Smugglers into document forgery

Rwanda Revenue Authority (RRA) has discovered a new trend of smuggling of goods where smugglers use forged documents at the official borders, in order to avoid payment of import duties.

Rwanda Revenue Authority (RRA) has discovered a new trend of smuggling of goods where smugglers use forged documents at the official borders, in order to avoid payment of import duties.

The tax body says that traders present invoices with lower prices at the customs declaration point in order to evade taxes.

According to information from the RRA’s Revenue Protection Department (RPD), traders ship in goods from as far as China, Dubai, and Korea and declare them as goods originating from the East African Community (EAC) using forged documents. 

This is done to take advantage of Rwanda’s entry into EAC Customs Union, where goods originating from the Community attract a lower Common External Tariff (CET).

Under the CET, the customs tariff band finished products attract 25percent, intermediate goods 10 percent while raw materials and capital equipment are not charged(o percent).  

“Smugglers keep changing posts depending on where we put emphasis. Using forged documents is turning out to be the highest form of smuggling.

It is very difficult to seize such smuggled goods at the border because we have to first verify the presented documents,” Seith Muhirwa, the Director of Protection Department told Business Times in an exclusive interview.

Muhirwa explained that when somebody presents an invoice, according to the provisions of the law you are supposed to accept it unless otherwise.

He said this makes it difficult and costly to capture the smugglers, as verification must be done foremost.

“Goods are brought from as far as China, and they are under declared. We also have information from people who are coming from Dubai where traders says_ _ _, I know you are from a country which is tough on taxes. get an empty invoice to use.

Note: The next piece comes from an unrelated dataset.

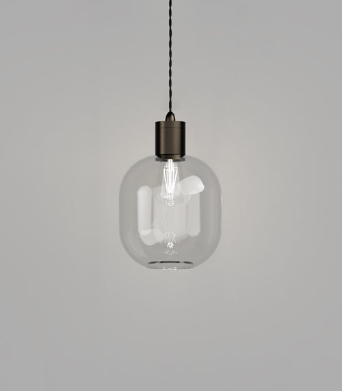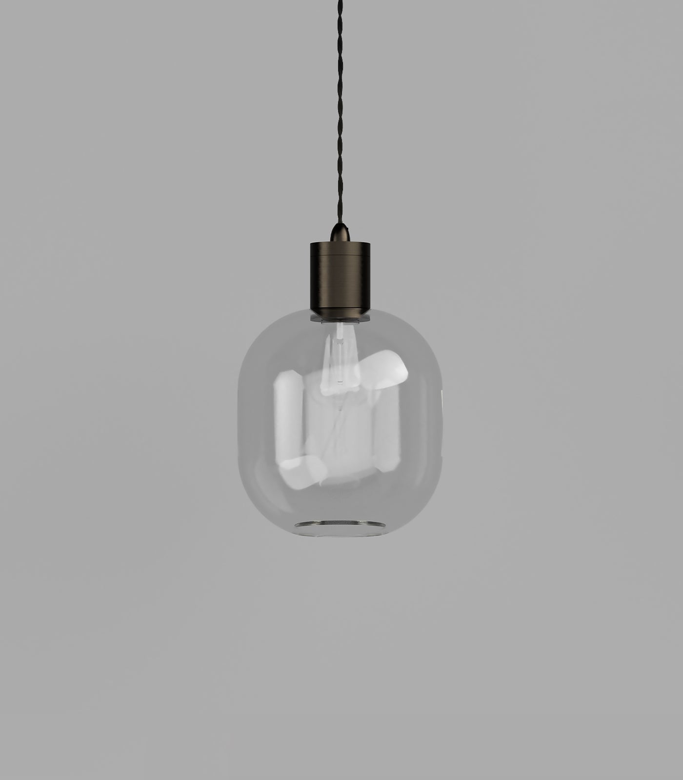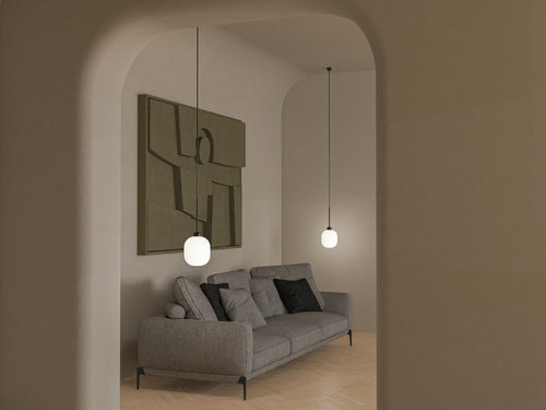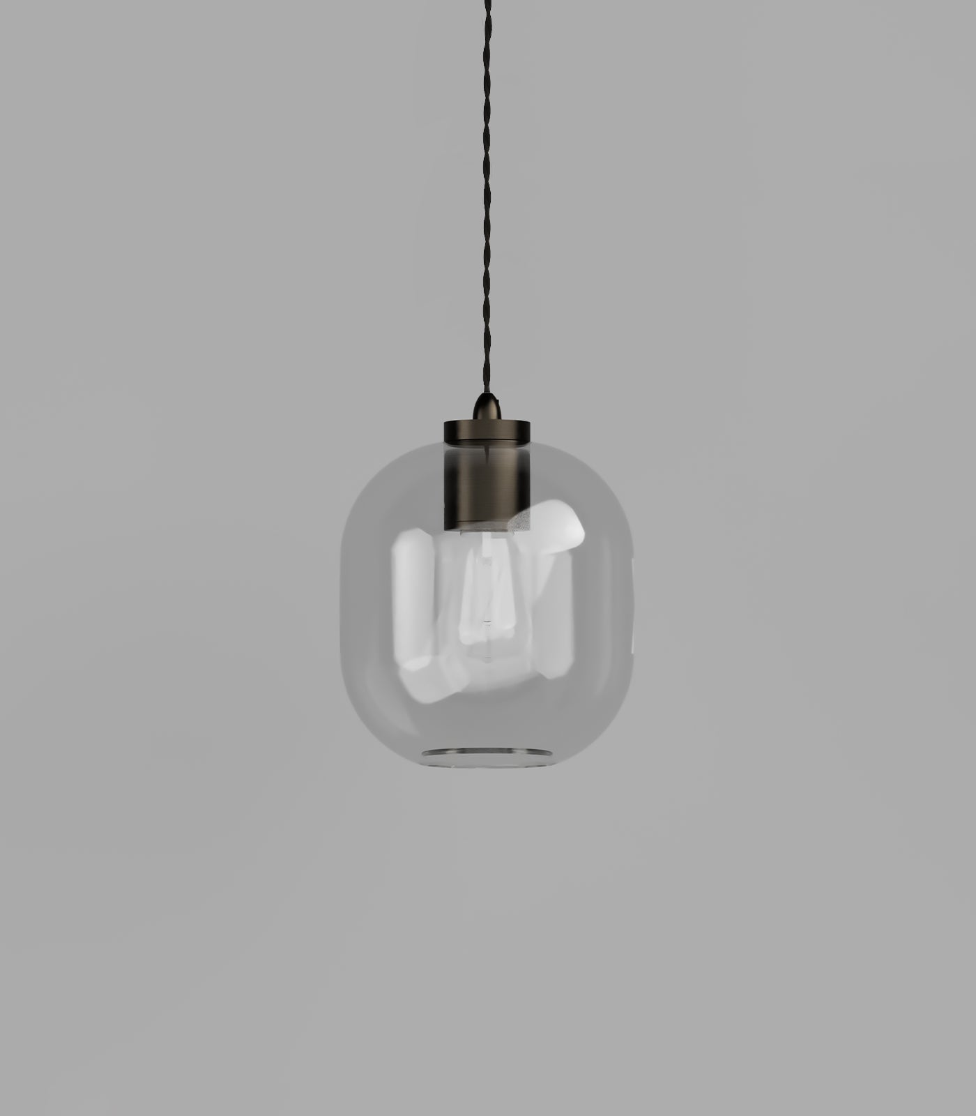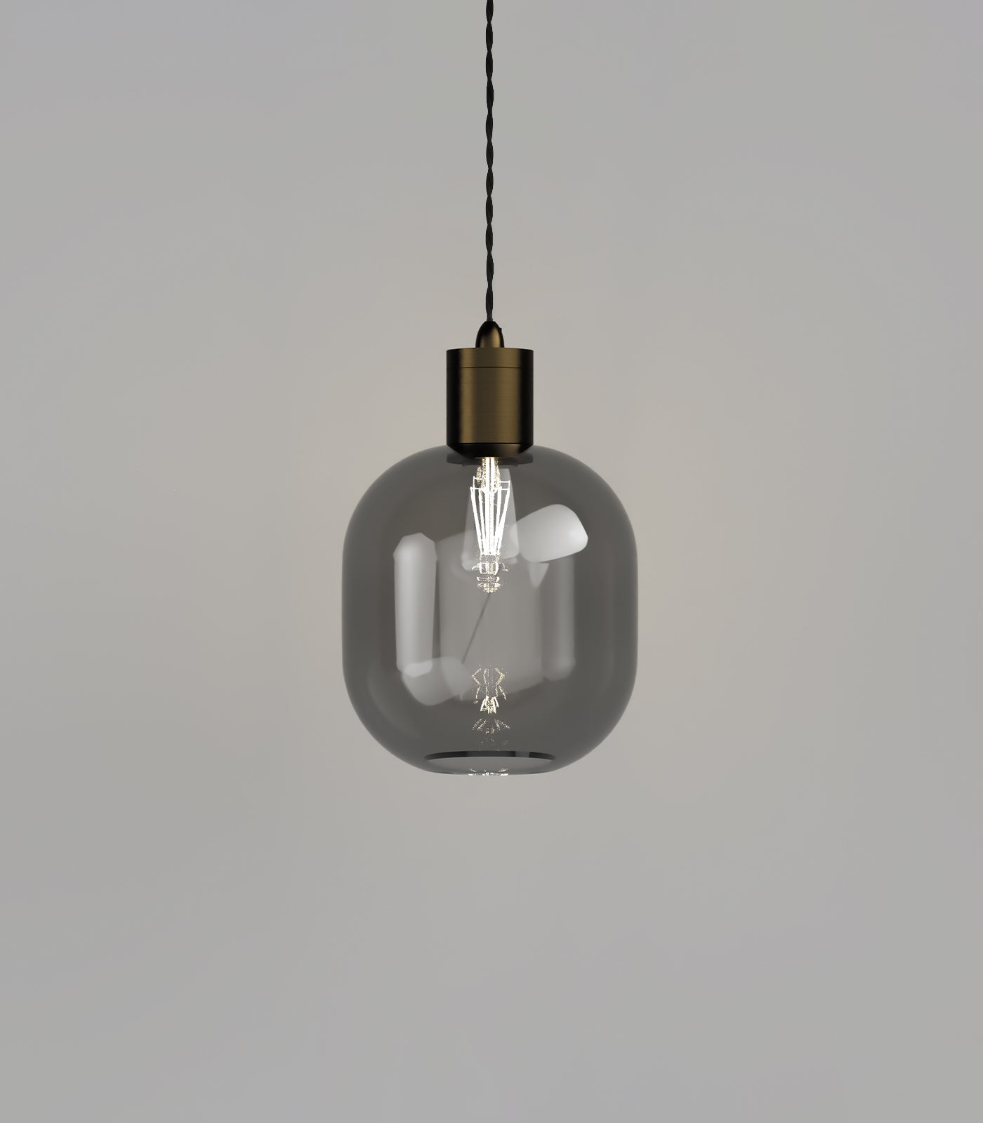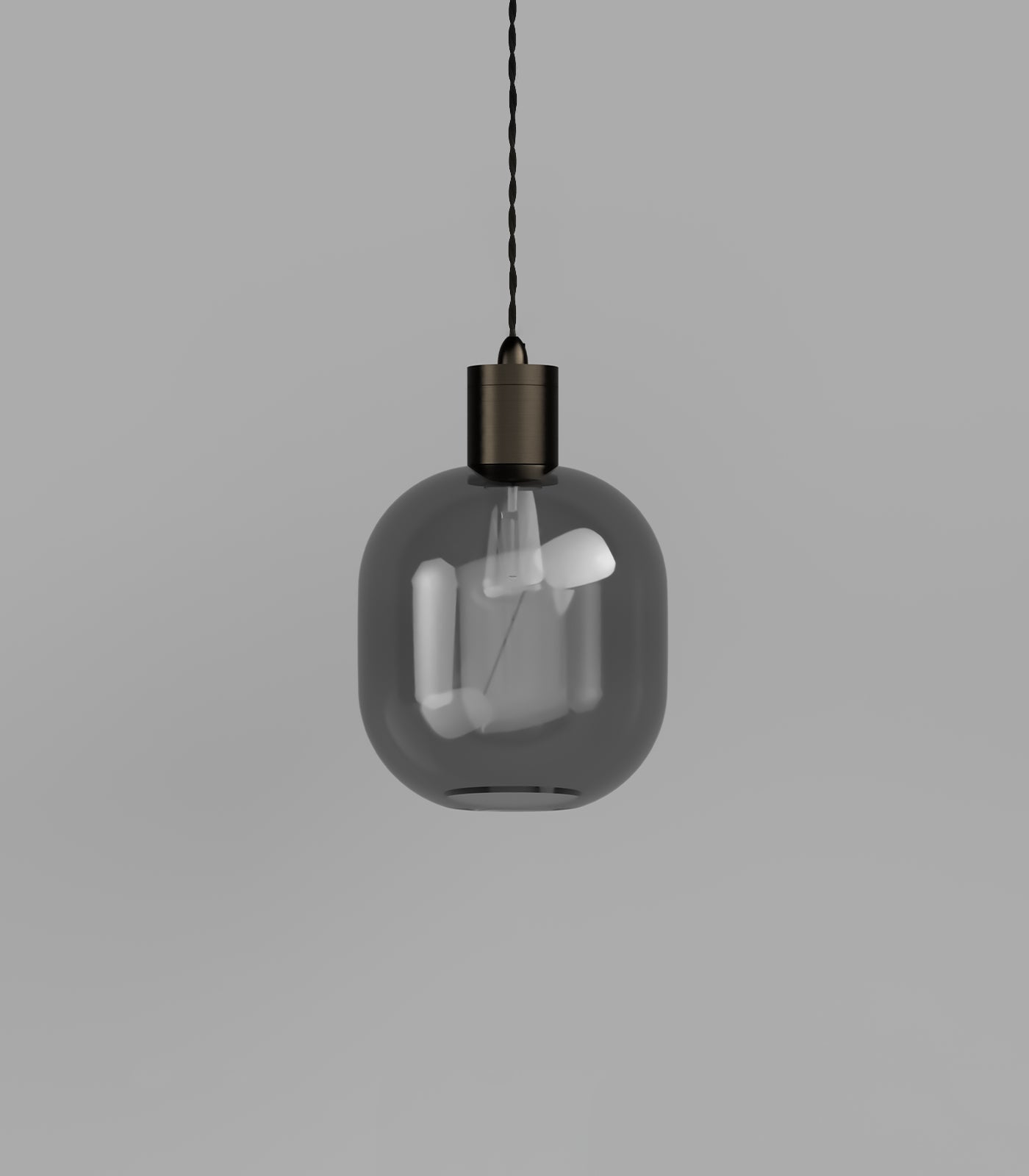 The Curve shade is available in three different finishes: White, Clear or Smoke. The shades can be mixed and matched with either of the two suspension finishes to get the desired effect. The glass can be installed in two different positions to elongate or shorten the height of the fitting.

Muhirwa added that this illicit practice is costly and time consuming for RRA to establish the truth, as they require tangible evidence before-hand to disregard the invoice presented because it includes traveling abroad to verify the prices.

Though smuggling has remained a challenge to the tax body, Muhirwa said RRA is working round the clock to track down those involved in the vice that is increasingly unfolding at official borders of Gatuna, Rusoma, Kanyaru and Kagitumba.

“We have a good working relationship with neighboring countries, especially those where these products are coming from.

Quite often we send a team to countries like China, Dubai to verify prices and also update our database,”  

In addition, RRA installed an electronic platform, called Raddex, to share information across the East African Community.

“This is helping us to minimize on tax evasion and dumping of goods,” Muhirwa said.

He also revealed that liquors like wines and spirits, Bitengi fabrics are among other products that are often smuggled into the country (using informal channels) from DR Congo, Tanzania while general merchandise originates from Uganda.

The authority has also discovered that assorted body care products, most of which are counterfeits, are smuggled from Congo. 

However, Muhirwa says RRA has intensified enforcement measures with regard to smuggling to recover government revenue. This involves intensifying land and lake surveillance as well as monitoring goods under customs control.

RRA recently acquired two speed boats that will facilitate anti-smuggling campaign along Lake Kivu.

The high speed vessels with a radar detection and Global Positioning System (GPS) - satellite navigation system are based in Rubavu District along the Gisenyi-Goma border and at the Rwanda Defence Forces (RDF) Marine base in Kibuye. Both boats are estimated at above Rwf600 million.

Over the years, the treasury has been losing hundreds of millions to racket smugglers who operate along Lake Kivu.

The tax authority monthly records show that cartons of liquor, cigarettes and powdered milk are some of the major smuggled goods.